Mattel had a design contest at Stanford for the engineers. The idea was to come up with a toy. First prize was $3,000, which was a ton of money at the time. I said, “Wow, I have this great idea. For sure, I’m going to win.” So I worked my butt off. This was my junior year. I came up with this great idea and entered it into the contest. And I didn’t win anything. I didn’t even get an honorable mention! But about a week or so after the contest was over, I got a call from Mattel saying, "Hey, how would you like to come and work for us over the summer?" I thought about it and it sounded like a really fun place to work and so I did. When I was here for the summer, I designed a toy that ultimately they made into a product and so they offered me a full-time job when I graduated.

What were the toys you made for the contest and on your internship?

When you are playing Cowboys and Indians you can never really tell if you shot the other kid.

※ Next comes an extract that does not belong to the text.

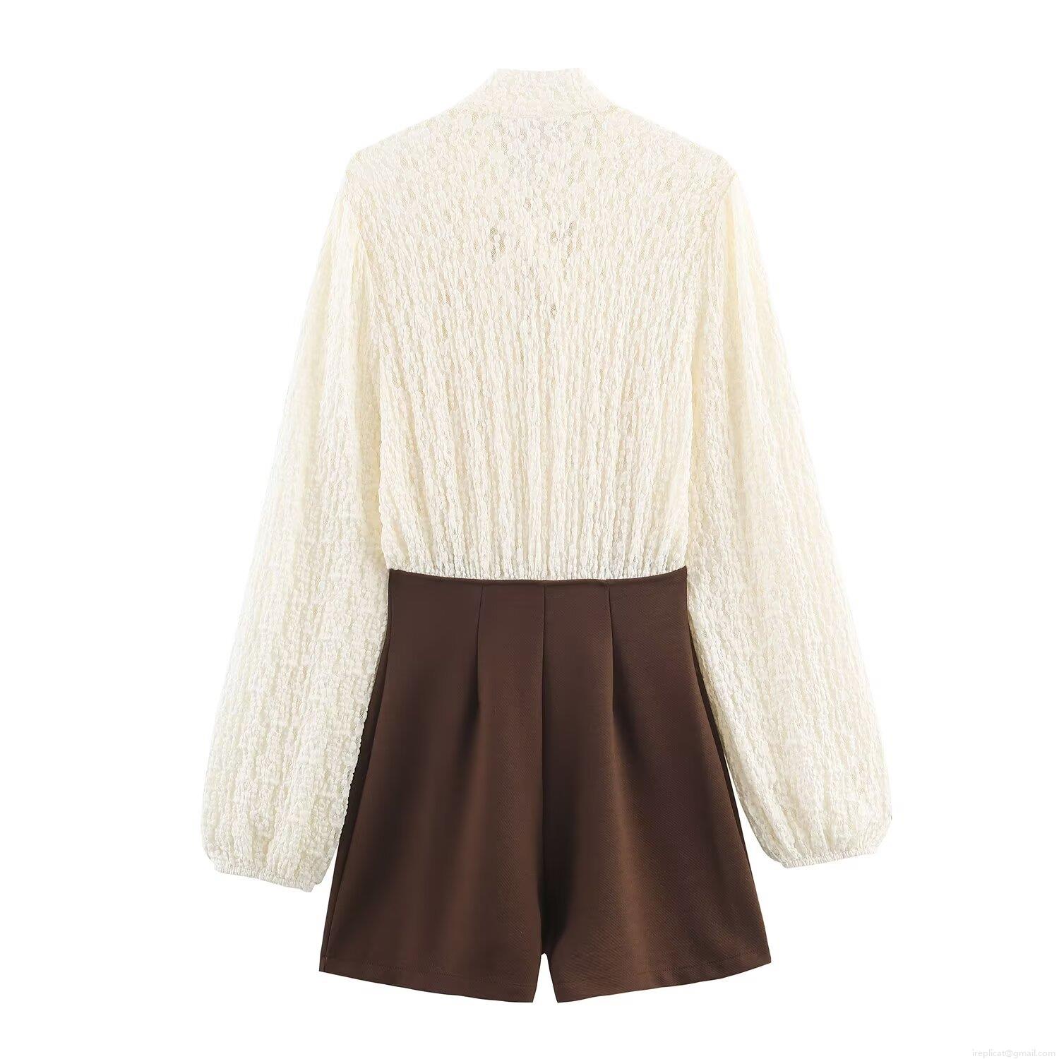 • Women Elegant Lace Polyester Splicing Jumpsuit Bow Tie Neck Lantern Sleeve Contrast Color Hollow Out Short Romper for Party Date
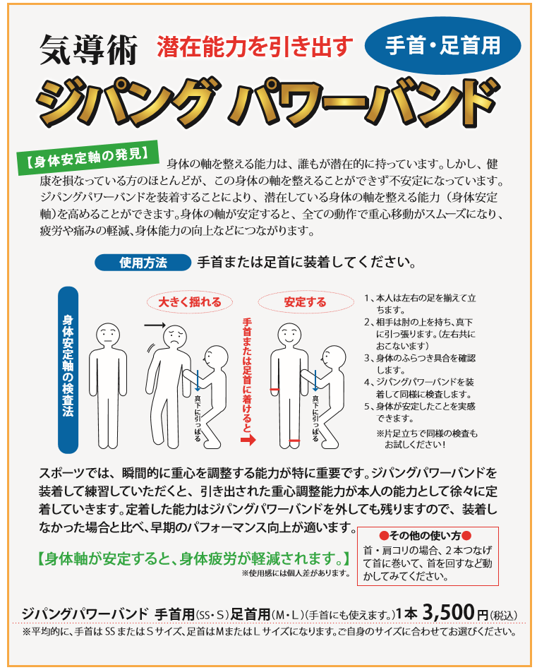 ジパングパワーバンド 手首・足首用日本気導術学会。

So I thought it would be really neat — remember this is 1979 — to have a ray gun where you shoot a beam of light at someone and they would have a little receiver that they would wear on a vest and when the light beam would hit it, it would beep. Then you’d know you’d hit the guy. We had a team of all these industry people who weren’t with Mattel judging these things. I guess they didn’t think it would go anywhere. But then a few years later someone came out with Laser Tag and it went on to be the No. 1 or 2 toy of that year and they are still selling it today. It is one of the most popular toys of all time. Not that I’m bitter. As a summer internm I worked on what ended up becoming a toy called the Teach and Learn Computer. Back in 1979 they didn’t have much in the way of voice chips. But this was a talking computer. It used a little disk that you’d put in that was almost exactly the same size as a CD. The computer was kind of like a notebook sized tablet and on the top it had all of these overlays. It would ask you questions and you’d press on the overlay to indicate your answer. It would know where your finger pushed and it would tell you if you were right or wrong. My invention was the electromechanical voice synthesizer that made that work. The disk wasn’t a CD, it was a tiny record. A record with grooves and a tiny little needle attached to a tiny little tone arm that pushed on a little tiny speaker cone. I figured out a way to drop the needle into the correct groove corresponding to the right answer. On the alphabet ones, for example, there are 26 grooves, one for each letter. Each groove is spirally interleaved with all the others. So there are 26 equally spaced scratches at the edge of the record and those lead into each of the 26 grooves. So all you’ve got to do is to drop the needle at the right point at the edge of the record. It had amazingly good sound at the time.

What drew you to Stanford in the first place?

I’ve always been interested in mechanical things and design. I’ve always thought it would be great to be one of those guys who created new things. I love that part of my job. It is just a good feeling to know that people are using something that you worked on. Stanford had a great engineering program and had a pretty good reputation in mechanical engineering. I was kind of intrigued by their classes. In particular Visual Thinking with Bob McKim, ME 101. I also wanted to come to California. I grew up in Delaware. It seemed like such a beautiful campus and they had a tremendous amount to offer besides engineering. One of the most inspiring classes I took that really helped lead to my career was ME 103, Manufacturing Technology, with Professor Dave Beach. He was just a very inspirational guy. My favorite professor ever. Of all the classes that I took, that class prepared me the best to come here and do what I do because he taught me how to make things. He instilled a real love for designing, creating, and building products.